If goods are damaged during ocean transit, cargo interests often will sue the ship and her owner in an admiralty action for the loss. The primary objective of the lawsuit will be to indemnify the cargo owner for the loss sustained by reason of the carrier’s fault. In maritime cases involving cargo damaged through the fault of ocean carriers, the carrier’s liability is generally measured by the difference between the market value of the cargo in the condition in which it should have arrived at the discharge port and its market value in its damaged condition. Cargo interests bear the burden of proving the carrier’s liability for the loss as well as the quantum of damages.
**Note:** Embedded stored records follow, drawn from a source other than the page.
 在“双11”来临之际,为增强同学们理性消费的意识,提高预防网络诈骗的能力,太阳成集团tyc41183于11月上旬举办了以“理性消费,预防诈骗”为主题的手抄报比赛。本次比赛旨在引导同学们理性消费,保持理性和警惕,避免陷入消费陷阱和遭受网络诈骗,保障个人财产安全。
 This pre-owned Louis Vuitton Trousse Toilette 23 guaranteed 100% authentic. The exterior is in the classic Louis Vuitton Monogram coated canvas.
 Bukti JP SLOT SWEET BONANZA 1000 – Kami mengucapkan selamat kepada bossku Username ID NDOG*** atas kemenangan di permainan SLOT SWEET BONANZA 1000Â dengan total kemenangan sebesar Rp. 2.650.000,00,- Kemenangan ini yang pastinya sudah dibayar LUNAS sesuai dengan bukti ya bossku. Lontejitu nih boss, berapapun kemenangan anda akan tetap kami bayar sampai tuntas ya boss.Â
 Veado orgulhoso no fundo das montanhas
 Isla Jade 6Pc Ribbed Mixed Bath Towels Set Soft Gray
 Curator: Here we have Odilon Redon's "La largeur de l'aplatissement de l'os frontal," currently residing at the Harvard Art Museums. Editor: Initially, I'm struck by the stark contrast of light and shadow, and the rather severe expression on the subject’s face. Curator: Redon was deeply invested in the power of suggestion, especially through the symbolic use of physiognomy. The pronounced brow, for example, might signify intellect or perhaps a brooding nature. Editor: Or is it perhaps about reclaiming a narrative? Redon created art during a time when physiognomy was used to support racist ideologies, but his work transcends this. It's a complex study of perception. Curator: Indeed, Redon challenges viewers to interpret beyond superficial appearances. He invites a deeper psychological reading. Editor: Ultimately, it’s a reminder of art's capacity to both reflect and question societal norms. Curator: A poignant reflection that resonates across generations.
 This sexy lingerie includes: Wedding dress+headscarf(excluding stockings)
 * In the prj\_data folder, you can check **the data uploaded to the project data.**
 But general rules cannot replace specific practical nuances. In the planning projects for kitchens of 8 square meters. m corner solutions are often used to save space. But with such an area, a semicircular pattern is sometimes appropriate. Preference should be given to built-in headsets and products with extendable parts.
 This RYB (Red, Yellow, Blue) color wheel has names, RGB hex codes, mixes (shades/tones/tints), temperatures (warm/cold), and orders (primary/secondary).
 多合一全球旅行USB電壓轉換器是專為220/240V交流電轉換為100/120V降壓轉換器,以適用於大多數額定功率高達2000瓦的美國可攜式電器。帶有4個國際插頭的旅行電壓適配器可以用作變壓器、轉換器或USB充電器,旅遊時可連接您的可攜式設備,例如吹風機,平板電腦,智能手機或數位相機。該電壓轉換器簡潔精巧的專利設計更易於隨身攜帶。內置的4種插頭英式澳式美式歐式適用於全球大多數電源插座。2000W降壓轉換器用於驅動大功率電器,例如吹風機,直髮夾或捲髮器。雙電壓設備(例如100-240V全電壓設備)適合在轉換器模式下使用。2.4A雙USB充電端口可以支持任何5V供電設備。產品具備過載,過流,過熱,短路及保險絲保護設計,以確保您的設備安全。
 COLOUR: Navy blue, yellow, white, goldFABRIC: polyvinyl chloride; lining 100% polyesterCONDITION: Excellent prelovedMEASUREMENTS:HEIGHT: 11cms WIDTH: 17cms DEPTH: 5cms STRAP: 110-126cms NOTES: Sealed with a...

The cargo owner is also under a duty to take reasonable efforts to mitigate its losses. This is based upon the principle that damages the cargo owner might have avoided with reasonable effort are not caused by the ocean carrier’s fault and, therefore, should not charge against vessel interests.

Consignee generally accepts goods
Generally, when goods are shipped by vessel and become damaged in transit, the cargo owner (consignee) nevertheless has a duty to accept the shipment at discharge and then look to the carrier for payment of the loss. This is based on the legal theory that the ocean carrier has a duty to make delivery of the cargo, and its liability as such ceases upon delivery of the shipment to the consignee. It is also based on rationale that the consignee is in much better position to dispose of the damaged merchandise than the ocean carrier, which is not in the business of buying and selling cargo. What if the cargo is totally damaged as a result of causes for which the ocean carrier is liable? Must the consignee take delivery of the useless cargo? There is case law to the effect that consignees are justified in refusing to accept delivery of cargo that is practically valueless. What if the cargo is totally damaged, but the ocean carrier is found not liable for the loss? Must the consignee take delivery of its worthless cargo? This question was recently answered by the U.S. District Court for the Middle District of Florida, in the Tasman Star decision (1994 A.M.C. 1617).

The case of the burned bananas
In the Tasman Star case ( a case of first impression), a cargo owner sued vessel interests for $1,172,017 for a total loss of its banana cargo as a result of shipboard fire. Vessel interests filed a counterclaim against the cargo owner in the amount of $106,363, for costs associated with the discharge and disposal of the ruined cargo. The court held that vessel interests were not liable for the loss, as they had met their burden of proving the damage resulted from a statutorily excepted cause (Fire Statute). Furthermore, there was no negligence on the part of vessel interests in causing the damage.